EXERCISE BRIEF » Look in the data below for the line that has "以前我們只有在巖石壁上畫的一", then print exactly every line from there through the line that has "ツーリングの終着点である上野", leaving pictures out.

SUPPLIED ENTRIES »
=-=-=-=-=
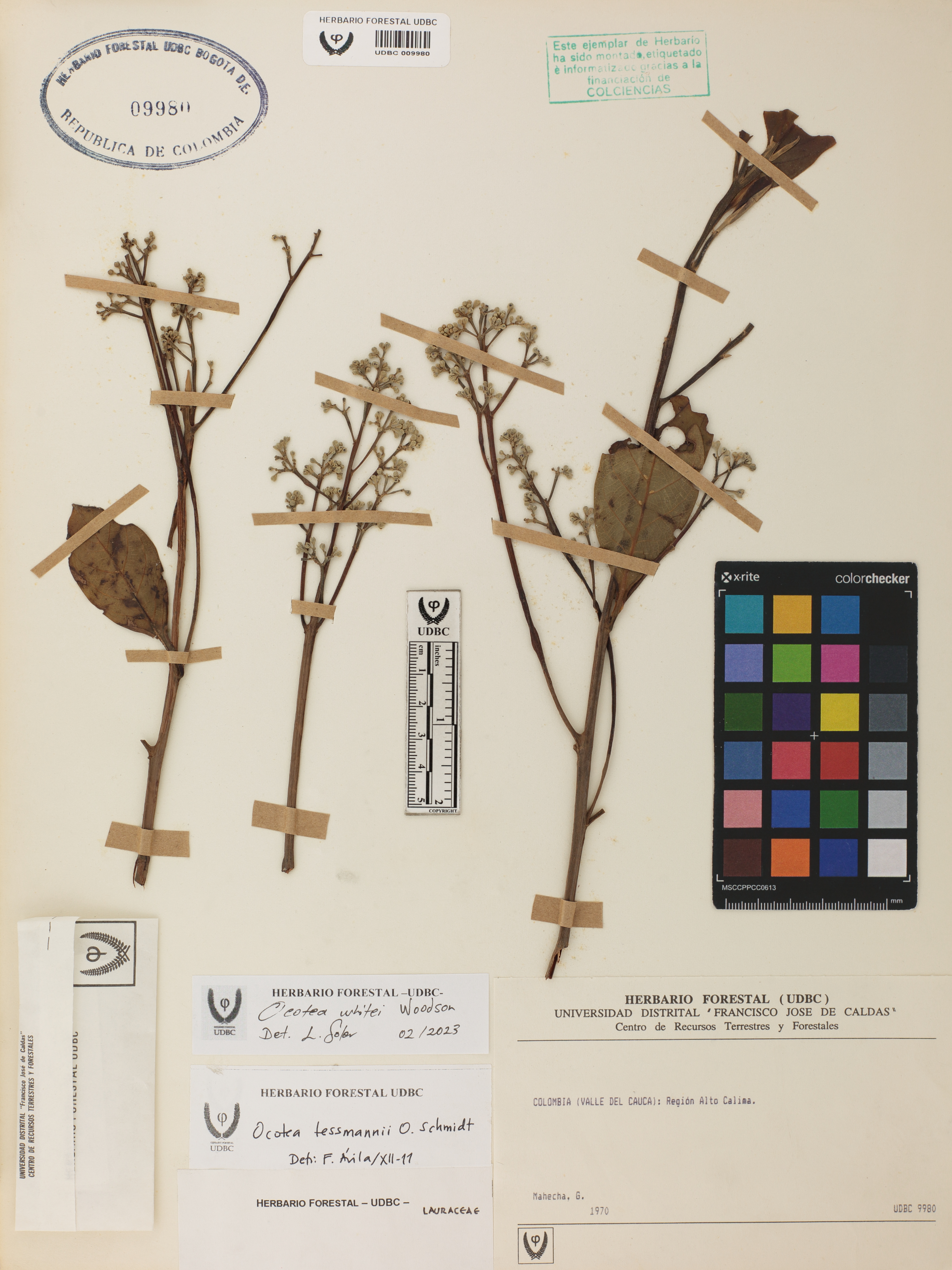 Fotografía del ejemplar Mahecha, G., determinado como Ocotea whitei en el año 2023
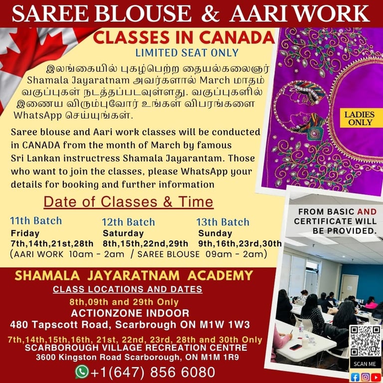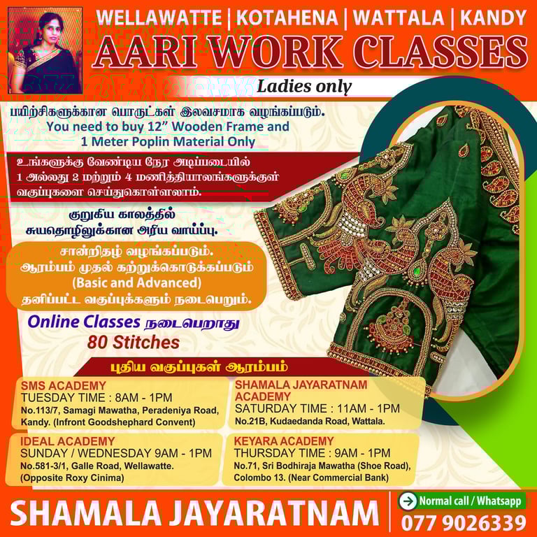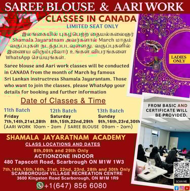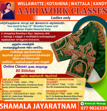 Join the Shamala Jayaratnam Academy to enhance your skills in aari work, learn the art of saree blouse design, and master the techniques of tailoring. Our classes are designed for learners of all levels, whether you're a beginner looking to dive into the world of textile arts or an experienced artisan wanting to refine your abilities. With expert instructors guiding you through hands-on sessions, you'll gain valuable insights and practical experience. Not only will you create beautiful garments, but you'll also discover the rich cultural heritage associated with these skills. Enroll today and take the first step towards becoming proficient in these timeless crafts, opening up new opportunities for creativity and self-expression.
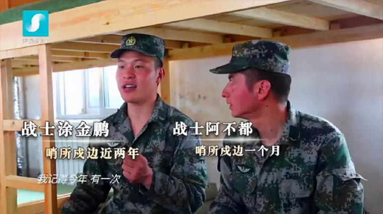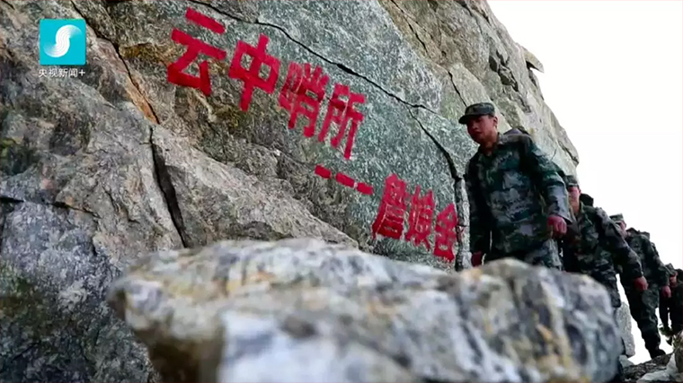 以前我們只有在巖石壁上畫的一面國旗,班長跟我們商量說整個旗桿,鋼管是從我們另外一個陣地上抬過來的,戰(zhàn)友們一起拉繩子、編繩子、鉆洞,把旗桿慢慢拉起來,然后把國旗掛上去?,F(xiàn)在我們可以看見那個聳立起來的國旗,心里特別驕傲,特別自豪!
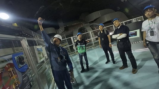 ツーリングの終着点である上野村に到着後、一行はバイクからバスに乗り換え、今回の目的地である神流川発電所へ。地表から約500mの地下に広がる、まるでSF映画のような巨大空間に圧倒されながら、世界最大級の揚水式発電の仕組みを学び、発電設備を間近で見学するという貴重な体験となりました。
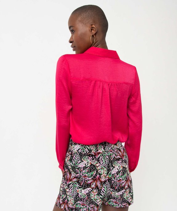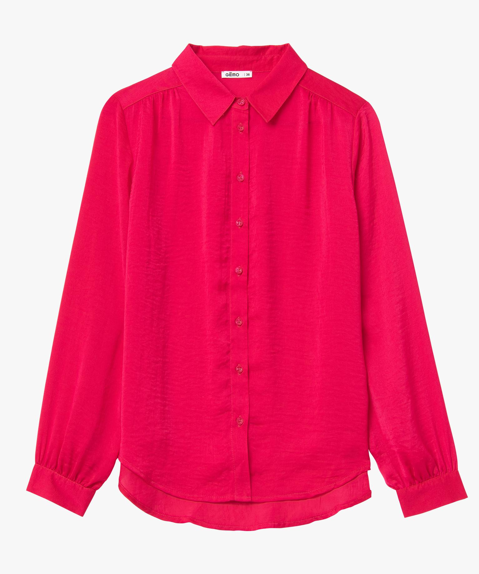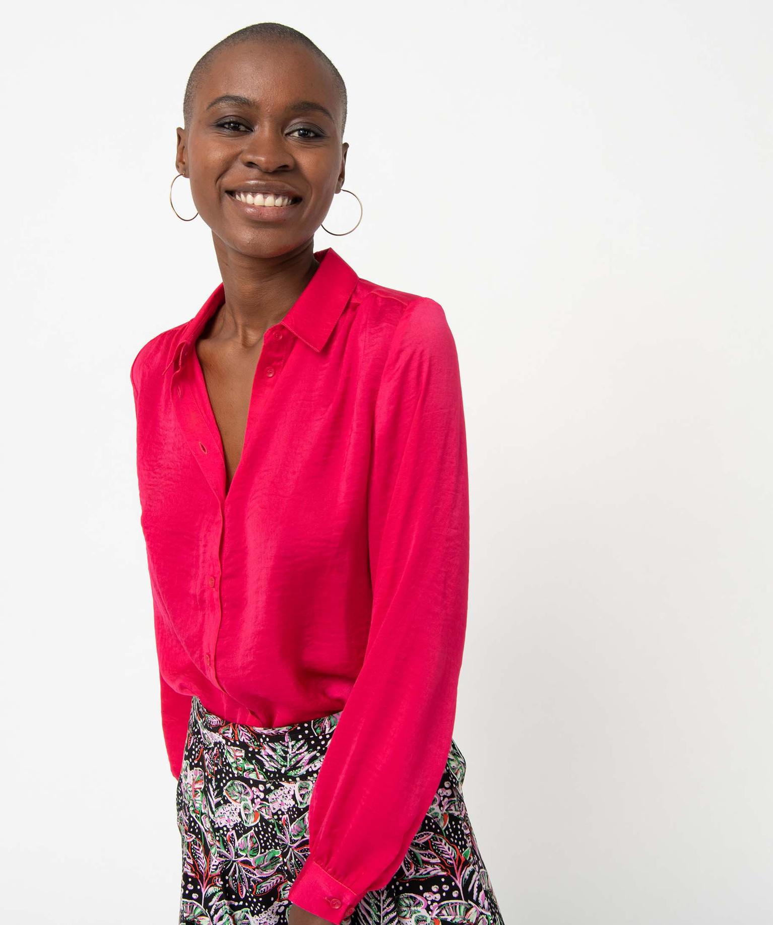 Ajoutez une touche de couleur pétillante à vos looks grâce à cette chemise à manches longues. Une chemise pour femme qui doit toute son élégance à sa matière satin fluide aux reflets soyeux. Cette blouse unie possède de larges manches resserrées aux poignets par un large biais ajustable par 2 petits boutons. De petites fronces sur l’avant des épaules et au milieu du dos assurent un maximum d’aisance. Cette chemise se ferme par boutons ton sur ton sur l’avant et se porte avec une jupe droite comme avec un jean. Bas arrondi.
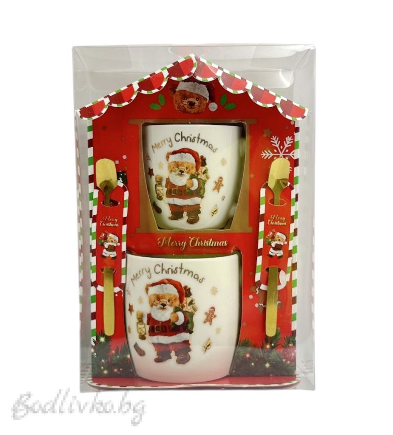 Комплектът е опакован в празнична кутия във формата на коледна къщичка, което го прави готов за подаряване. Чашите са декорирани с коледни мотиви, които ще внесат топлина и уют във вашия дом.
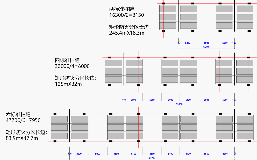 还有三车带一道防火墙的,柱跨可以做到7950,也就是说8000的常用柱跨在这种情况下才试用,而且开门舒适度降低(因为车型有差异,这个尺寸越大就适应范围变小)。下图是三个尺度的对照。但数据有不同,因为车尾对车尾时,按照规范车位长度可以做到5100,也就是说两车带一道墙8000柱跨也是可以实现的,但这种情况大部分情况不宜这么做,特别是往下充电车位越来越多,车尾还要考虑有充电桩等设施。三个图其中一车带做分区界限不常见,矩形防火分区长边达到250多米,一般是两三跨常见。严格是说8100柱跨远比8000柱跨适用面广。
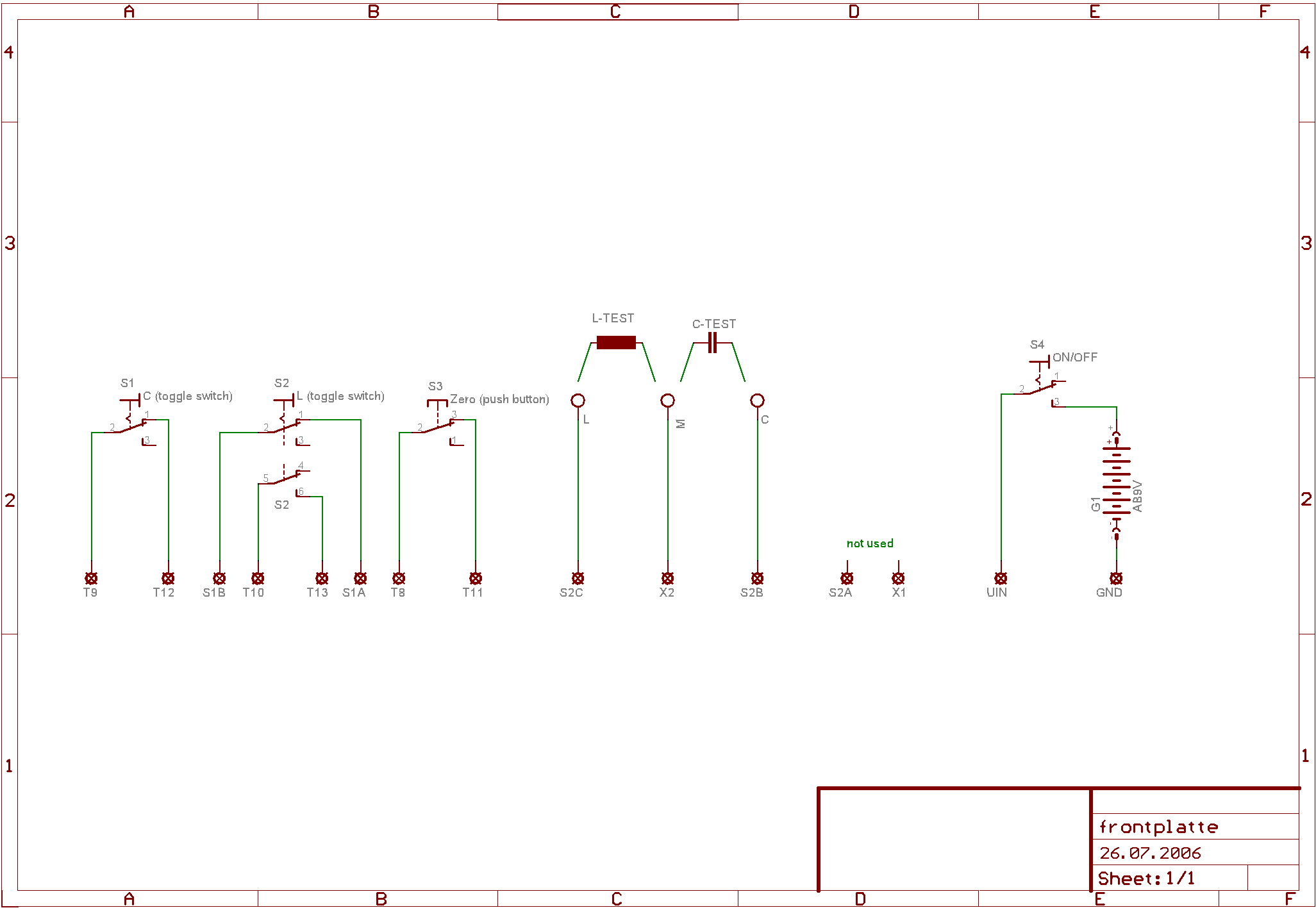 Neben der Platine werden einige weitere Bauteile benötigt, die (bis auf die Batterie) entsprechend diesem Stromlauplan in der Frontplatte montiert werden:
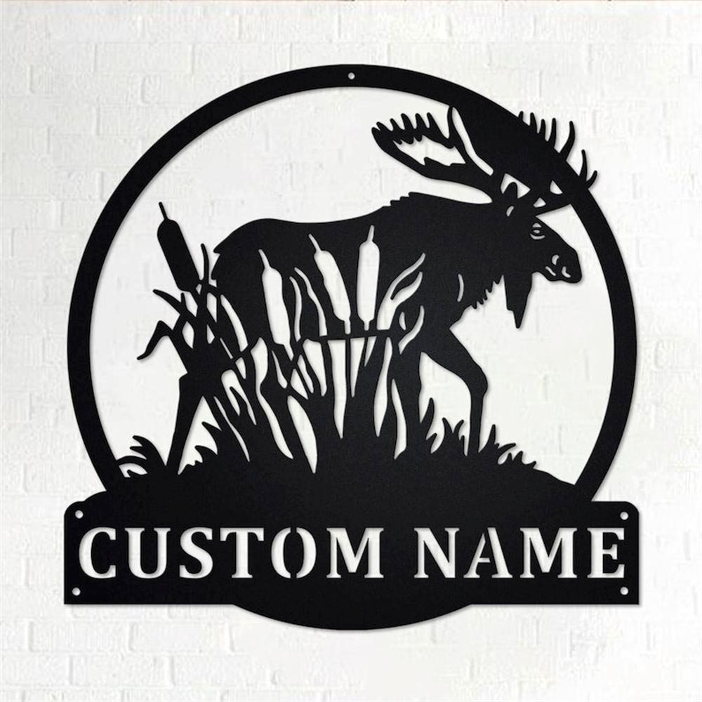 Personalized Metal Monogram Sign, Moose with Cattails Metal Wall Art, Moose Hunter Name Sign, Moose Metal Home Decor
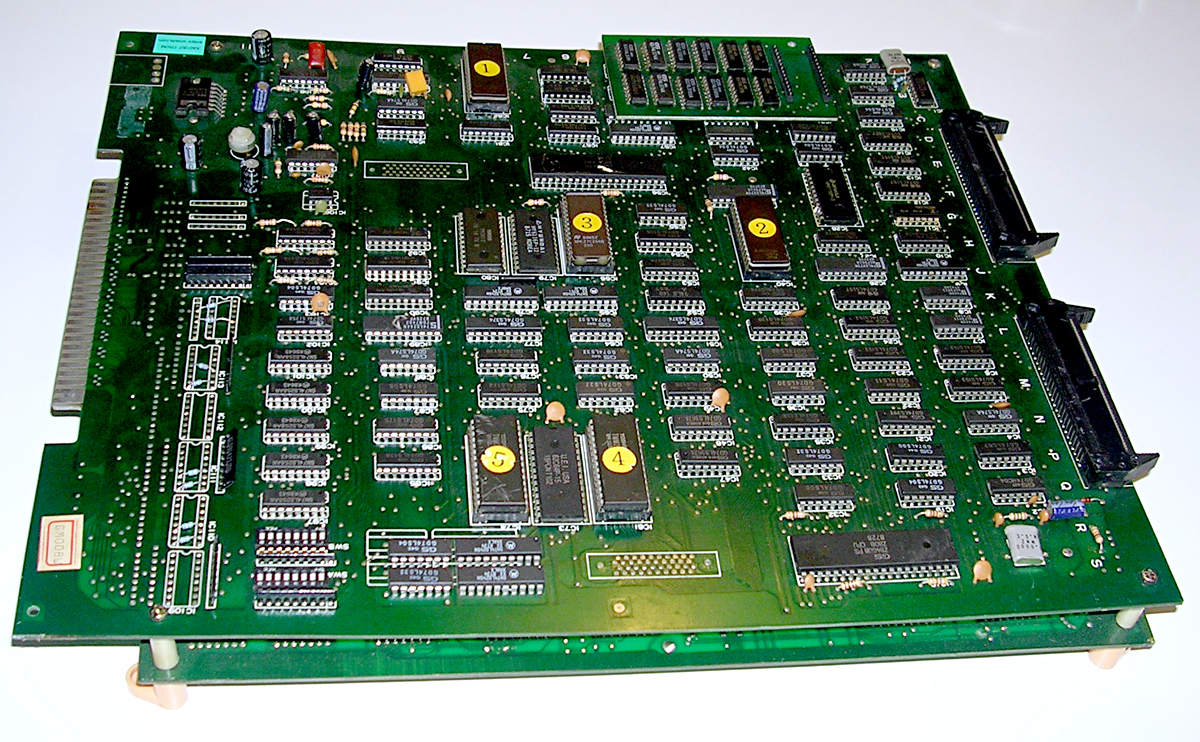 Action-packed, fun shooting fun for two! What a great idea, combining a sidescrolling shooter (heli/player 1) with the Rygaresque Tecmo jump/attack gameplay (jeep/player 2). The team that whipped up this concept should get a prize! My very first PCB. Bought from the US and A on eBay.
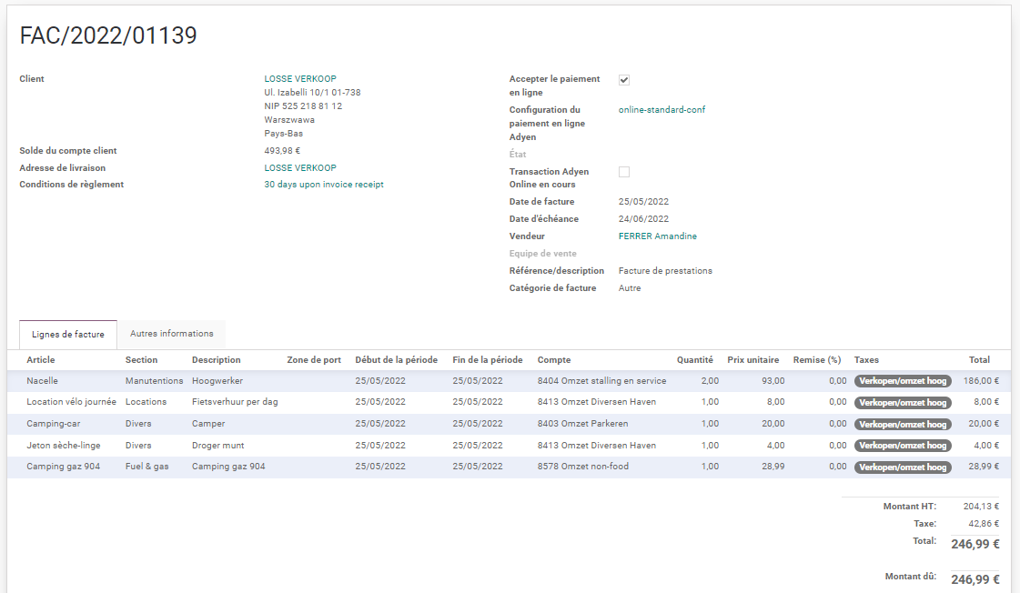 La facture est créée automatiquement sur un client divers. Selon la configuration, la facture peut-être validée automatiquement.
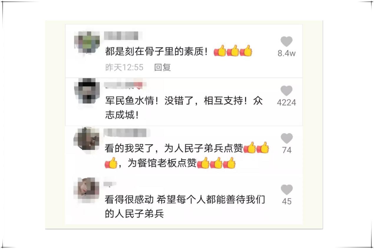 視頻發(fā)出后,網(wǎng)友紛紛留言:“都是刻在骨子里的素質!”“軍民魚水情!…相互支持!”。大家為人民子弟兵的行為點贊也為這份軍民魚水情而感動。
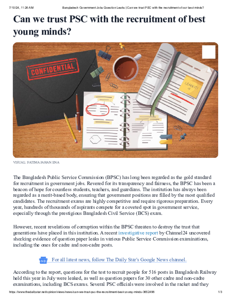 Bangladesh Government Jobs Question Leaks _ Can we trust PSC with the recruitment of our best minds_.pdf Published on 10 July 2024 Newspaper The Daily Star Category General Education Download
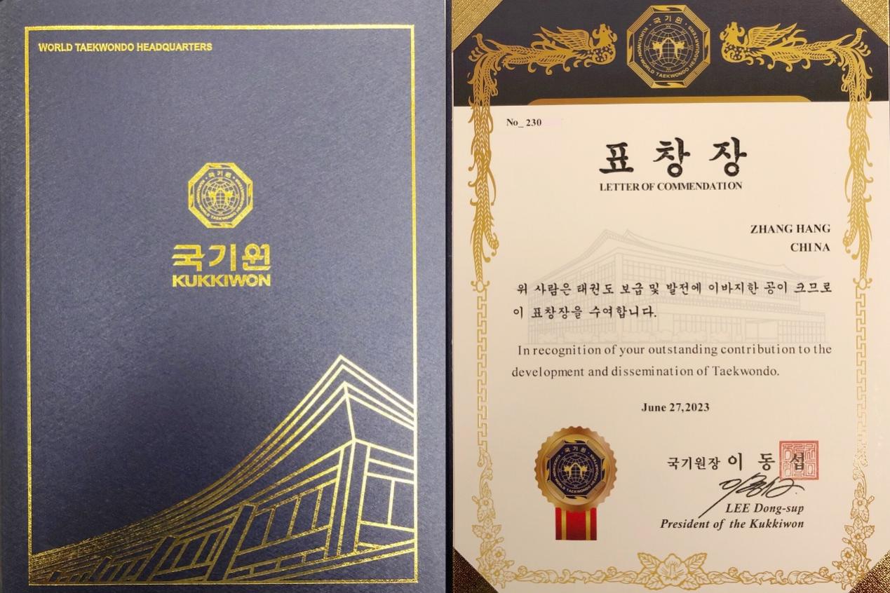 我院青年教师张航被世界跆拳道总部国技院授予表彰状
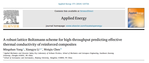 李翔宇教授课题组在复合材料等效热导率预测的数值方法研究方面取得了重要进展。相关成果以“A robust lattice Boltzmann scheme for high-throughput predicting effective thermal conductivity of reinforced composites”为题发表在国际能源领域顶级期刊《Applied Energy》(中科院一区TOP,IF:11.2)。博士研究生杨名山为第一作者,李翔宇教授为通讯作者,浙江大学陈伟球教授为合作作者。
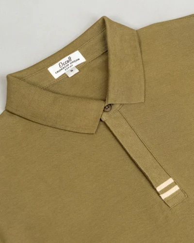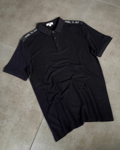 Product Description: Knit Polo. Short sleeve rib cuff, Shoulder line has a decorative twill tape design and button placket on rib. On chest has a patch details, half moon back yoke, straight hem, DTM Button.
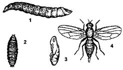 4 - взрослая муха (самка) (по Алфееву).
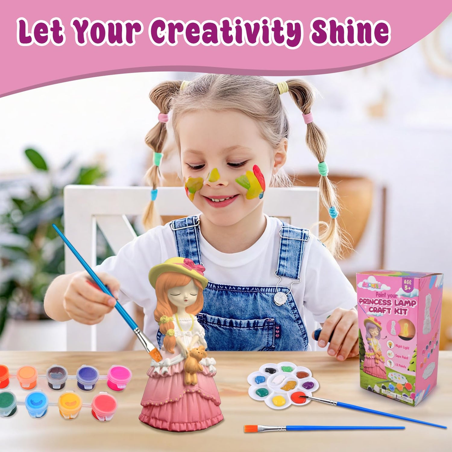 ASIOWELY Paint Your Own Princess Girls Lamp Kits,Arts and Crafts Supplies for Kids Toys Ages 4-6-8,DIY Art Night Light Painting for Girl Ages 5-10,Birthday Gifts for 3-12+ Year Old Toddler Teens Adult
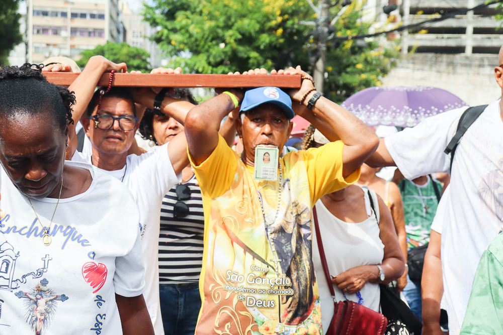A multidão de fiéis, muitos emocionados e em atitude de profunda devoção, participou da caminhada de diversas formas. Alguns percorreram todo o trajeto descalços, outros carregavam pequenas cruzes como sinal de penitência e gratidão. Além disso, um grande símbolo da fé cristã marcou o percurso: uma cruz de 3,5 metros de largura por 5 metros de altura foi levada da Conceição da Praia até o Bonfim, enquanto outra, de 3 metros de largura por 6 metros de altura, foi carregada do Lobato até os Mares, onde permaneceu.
=-=-=-=-=
RESPONSE »
 以前我們只有在巖石壁上畫的一面國旗,班長跟我們商量說整個旗桿,鋼管是從我們另外一個陣地上抬過來的,戰(zhàn)友們一起拉繩子、編繩子、鉆洞,把旗桿慢慢拉起來,然后把國旗掛上去?,F(xiàn)在我們可以看見那個聳立起來的國旗,心里特別驕傲,特別自豪!
 ツーリングの終着点である上野村に到着後、一行はバイクからバスに乗り換え、今回の目的地である神流川発電所へ。地表から約500mの地下に広がる、まるでSF映画のような巨大空間に圧倒されながら、世界最大級の揚水式発電の仕組みを学び、発電設備を間近で見学するという貴重な体験となりました。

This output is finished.